くぅぅうぅ……この電撃はもしやサンダースパーク。ウゥ…これも使えるなんて、身動きがとれない……一か八か、やるしかないのね。
「ガガァァァー!!(至近距離オキシジェン・デストロイヤー・レイ!!)」
腹部を開き、自爆覚悟でオキシジェン・デストロイヤー・レイを放った。爆発の衝撃でキングギドラは口を離し、両者は後ろに派手に吹っ飛んだ。
至近距離からオキシジェン・デストロイヤー・レイを放ったため、腹部の弱点部位から大量の血が滴り落ちてく。対してキングギドラは至近距離な為バリアーが展開出来なかったようで、腕に組み付いていた首2本の頭の肉が抉れている。
しかしまだ生きている。
至近距離からのオキシジェン・デストロイヤー・レイで……
ぐふッ……なんとかダメージが通ったみたいだけど……体が重い。
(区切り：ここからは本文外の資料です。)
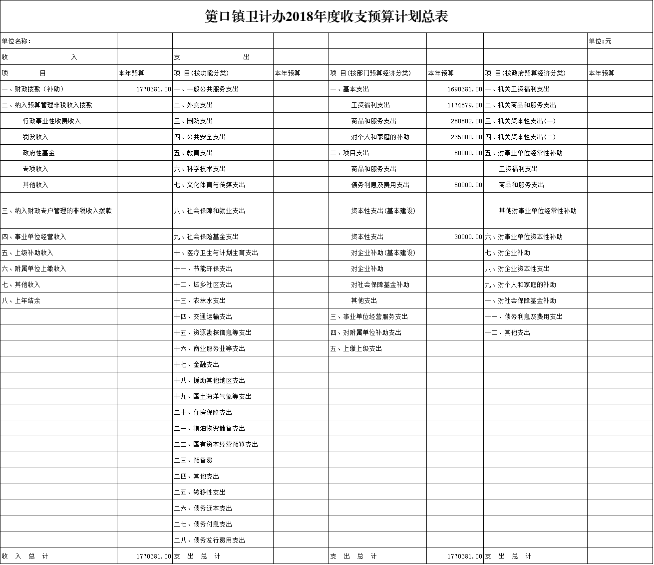 筻口鎮衛計辦2018年度收支預算計劃總表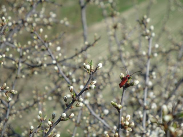 | Un petit insecte rouge sur une branche pleine de fleurs… つぼみがいっぱい とても小さな白い花です ここ数日のうちに満開になりそう。また見に来なくちゃ・・・ カミキリムシでしょうか きれいな赤ですね |
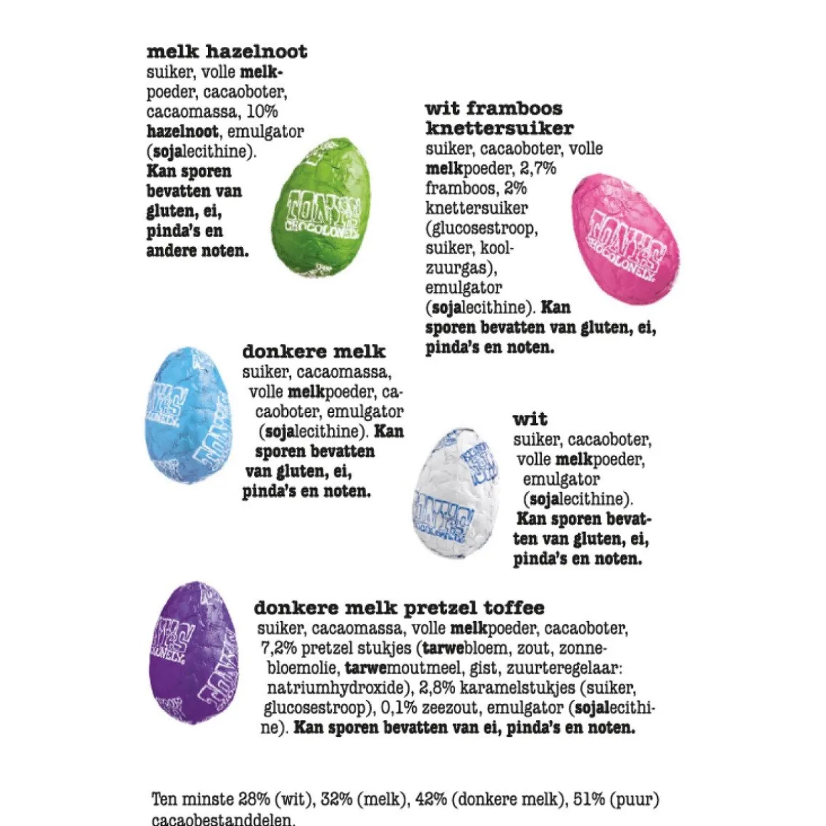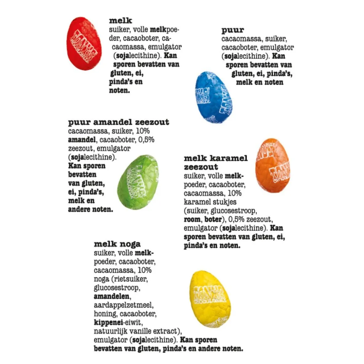 - 10 smaken: o.a. melk, wit puur met stukjes hazelnoot, noga, karamel, zeezout en amandel.
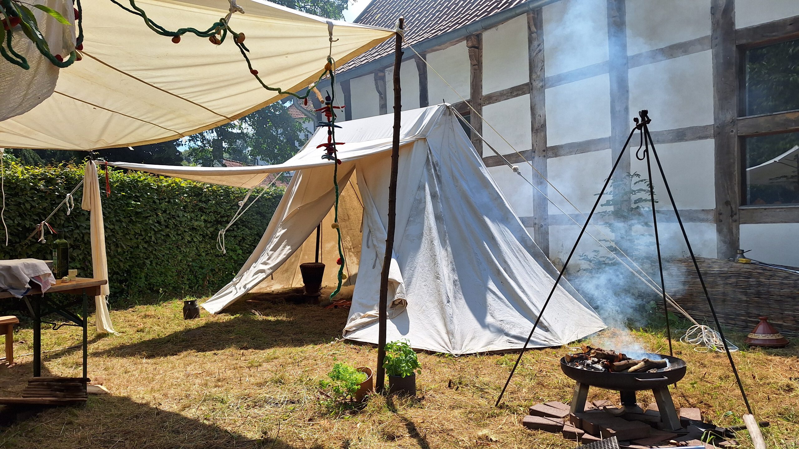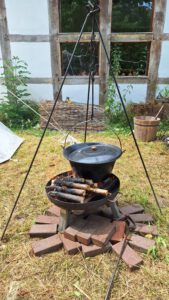 Das Mittagessen kochst Du gemeinsam mit den anderen auf dem offenen Feuer.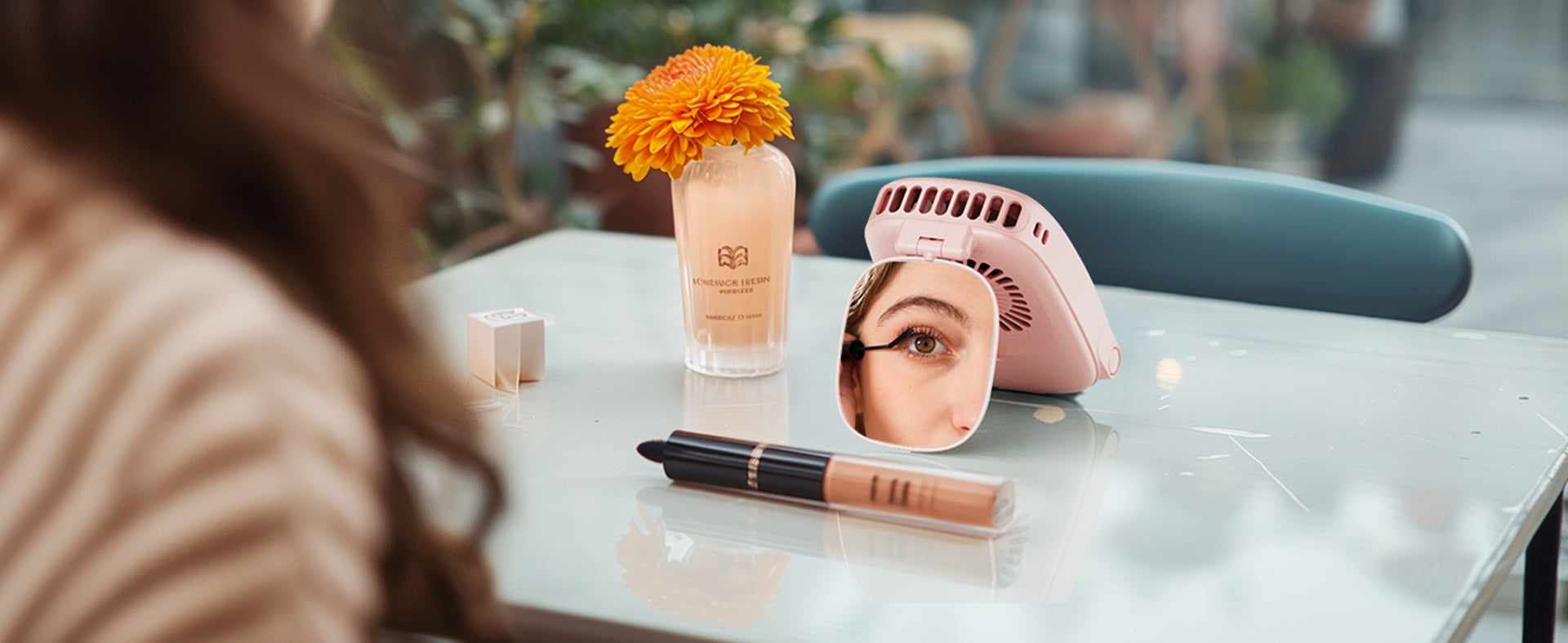 - Desk Fan with 360° Rotate Makeup Mirror — The mini fan is designed with a 1X magnifying mirror, very clear and suitable for the entire face makeup or closeup; The eyelash fan can speed up drying mascara and lash adhesive, really good vacation essentials
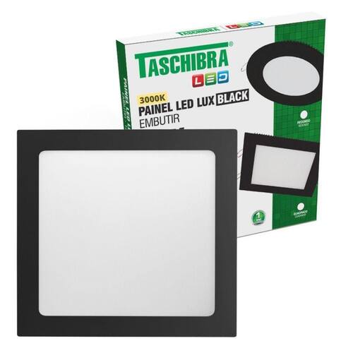 Painel de Led Quadrado Embutir 24W Preto Bivolt Taschibra 3000K Luz Quente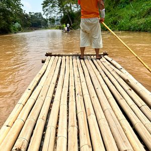イカダ下りは思いのほか快適で、景色を見ながら船頭さんがカタコトの英語で説明してくれます。途中、急流もありスリルも楽しめました。
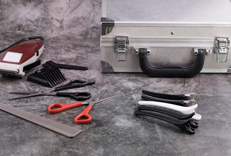Set of professional hairdresser tools on grey background. Wooden table in barbershop. Working tool of barber master

エネルギーが尽きかけてるのね……ここまでなのぉ……モスラとの約束も守れずにここでッ!?
突如何かが脳裏に見えた。
この、脳裏に浮かぶビジョンは、キングギドラ?いや、違う。これはまさか私の!!いける!!
私は閃光に包まれる。光が収まるとそこにいたのは新しい形態に進化したデストロイアの姿であった。
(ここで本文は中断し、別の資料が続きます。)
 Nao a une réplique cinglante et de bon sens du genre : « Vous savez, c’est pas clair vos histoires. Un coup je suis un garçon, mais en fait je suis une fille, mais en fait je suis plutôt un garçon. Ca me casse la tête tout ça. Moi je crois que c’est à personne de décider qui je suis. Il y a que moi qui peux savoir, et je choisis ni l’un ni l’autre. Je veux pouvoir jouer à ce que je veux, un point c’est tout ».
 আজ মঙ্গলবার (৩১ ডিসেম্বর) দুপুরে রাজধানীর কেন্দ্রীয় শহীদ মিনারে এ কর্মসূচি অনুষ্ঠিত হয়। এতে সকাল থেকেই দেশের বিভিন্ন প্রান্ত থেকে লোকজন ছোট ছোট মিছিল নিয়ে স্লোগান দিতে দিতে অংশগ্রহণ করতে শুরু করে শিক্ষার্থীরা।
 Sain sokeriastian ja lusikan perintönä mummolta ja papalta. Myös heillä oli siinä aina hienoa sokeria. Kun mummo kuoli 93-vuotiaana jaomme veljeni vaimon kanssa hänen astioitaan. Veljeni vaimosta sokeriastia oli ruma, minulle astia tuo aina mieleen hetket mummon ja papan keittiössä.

その姿は、首と尻尾が2本に増え、翼が4枚になり、腕が無くなり目が3眼となり、角が2本ずつ生えている……まるでキングギドラの姿を模したような形態になっていた。気づいてはいないがキングギドラに噛み付かれた際、牙からDNAを無意識に吸収していたのである。
当然色は完全体と変わらない紅色である。
2つの口を揃えて開く。この一撃に全ての力を使う!
「ガァアァァー!!(ツイン・オキシジェン・デストロイヤー・レイー!!)」
放った光線に対してキングギドラはバリアーで防御しようとするが先ほどのダメージの為、バリアーは数秒持った後貫通して直撃、大爆発を起こした。
やっ……たのね。モスラ――約束、果たしたよ。
力を使い果たし、私は180センチの大きさに戻ってしまった。
薄れゆく意識の中で最後に見た光景は、自分の攻撃で大きな傷を負ったキングギドラと未来からタイムトラベルしてきたレインボーモスラが対峙する姿だった。
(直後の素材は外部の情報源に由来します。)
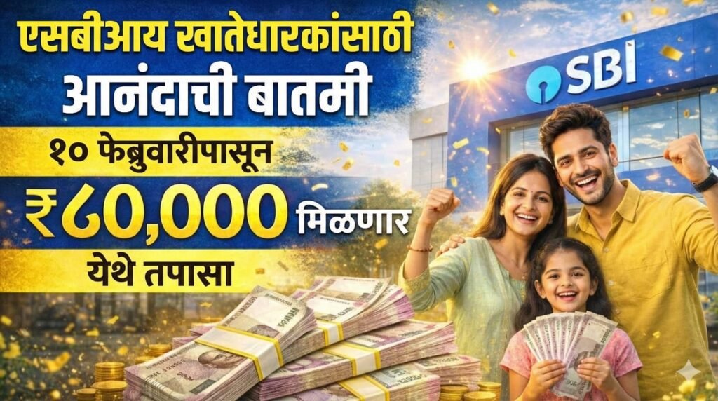 SBI Account Holders Good News : स्टेट बँक ऑफ इंडिया (SBI) मध्ये खाते असलेल्या कोट्यवधी ग्राहकांसाठी एक मोठी आणि दिलासादायक बातमी समोर आली आहे. उपलब्ध माहितीनुसार, 10 फेब्रुवारीपासून एसबीआय खाताधारकांना ₹80,000 पर्यंतची रक्कम मिळण्याची प्रक्रिया सुरू होणार आहे. ही बातमी समजताच बँक ग्राहकांमध्ये उत्सुकता वाढली असून, ही रक्कम कोणाला मिळणार आणि कशी तपासायची याबाबत सर्वांनाच जाणून घ्यायचे आहे.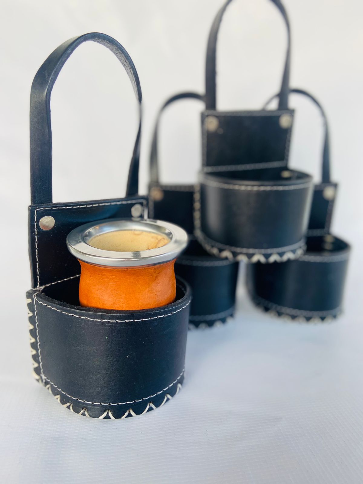 Porta mates de cuero genuino 100% para mate y bombilla. Organiza y transporta tu equipo de mate con estilo y durabilidad. Accesorio tradicional y funcional.

戦いが終わり、生き残ってた原始モスラの幼虫が、レインボーモスラのついでと言わんばかりにデストロイアに糸をかけていた。
[次回予告]
繭に包まれ眠りについたデストロイア
次に目を覚ましたその時代は
弥生時代であった
次回、目を覚ませば数千年
[今回の設定集コーナー]
~キングギドラ~
三つ首の金色龍だ!
尚、今回のキングギドラは、モスラⅢの現代キングギドラと千年竜王のハイブリットになっております。
なのでデストロイアが傷を負わせなかった場合、モスラ勝てないんじゃないかな?